Until now, such schemes, particularly in banks and semi-governmental organisations, allowed employees to receive generous tax-free exit packages.

Under the draft law, all employment-related payments, whether in cash or kind, would become taxable, although the first 20 per cent of early retirement compensation would remain exempt.

Exceptions would continue for civil servants and payouts from pension or provident funds covered by collective agreements.

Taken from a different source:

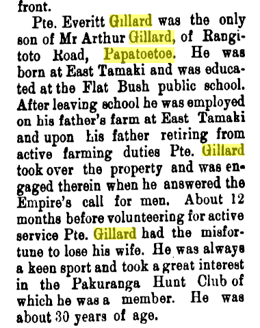 David Gillard. Davis was born on the 2nd of Febuary,1894 in East Tamaki, David also served in WW1 with the 20th Reinforcements, Auckland Infantry Battalion, A Company (30793). David survived the war and married Jane Louisa Withey on the 3rd of April,1929.

Unions had previously resisted similar proposals.

Also in July, Les Manison, a former senior economist at the International Monetary Fund, an ex-advisor in the Cyprus finance ministry and a former senior advisor at the Central Bank of Cyprus, also voiced his concerns with the tax reform.

Manison argued that while president Nikos Christodoulides has promoted the reform as a way to reduce burdens on families and modernise the economy, the measures in practice favour corporations, foreign professionals and wealthy property owners.

He warned that the reform risks worsening income and wealth inequality by offering minimal relief for households, while keeping progressive taxation weak.

Moreover, he criticised the limited adjustment of the tax-free threshold and the failure to index income tax brackets to inflation, noting that many EU countries do so.

Manison also highlighted the absence of stronger taxation on property and inheritance, arguing that the wealthy will continue to benefit disproportionately.

He ultimately explained that the reform would entrench Cyprus’ low-wage, low-productivity economy unless progressive taxation and incentives for innovation and entrepreneurship were introduced.

In early May, the Institute of Certified Public Accountants of Cyprus (Selk) reiterated its call for a fairer and more effective tax system during a meeting with Akel leader Stefanos Stefanou.

The organisation emphasised the need for reform that strengthens entrepreneurship and ensures social justice.

According to Selk, the discussion signalled the start of closer collaboration with Akel on economic issues.

At the time, Stefanou reaffirmed his party’s commitment to supporting middle and lower-income groups through tax reform and stressed the importance of combating tax evasion while strengthening fairness.

Finally, in March of this year, the 8th Cyprus International Tax Conference opened with debates on reforming the tax system and digitalising tax administration.

Institute of Certified Public Accountants of Cyprus general manager Kyriakos Iordanou said the current plan marked the long-awaited beginning of stakeholder dialogue.

Tax commissioner Sotiris Markides described steps taken since 2022 to improve compliance, clear backlogs and return over €1 billion to businesses, with further improvements expected through the Tax For All digital platform.

Additionally, Selk president Nikos Chimarides underlined Cyprus’ competitiveness but cautioned against raising corporate tax from 12.5 per cent to 15 per cent.

Finally, speakers agreed that reform is vital to achieving long-term growth and aligning with Vision 2035.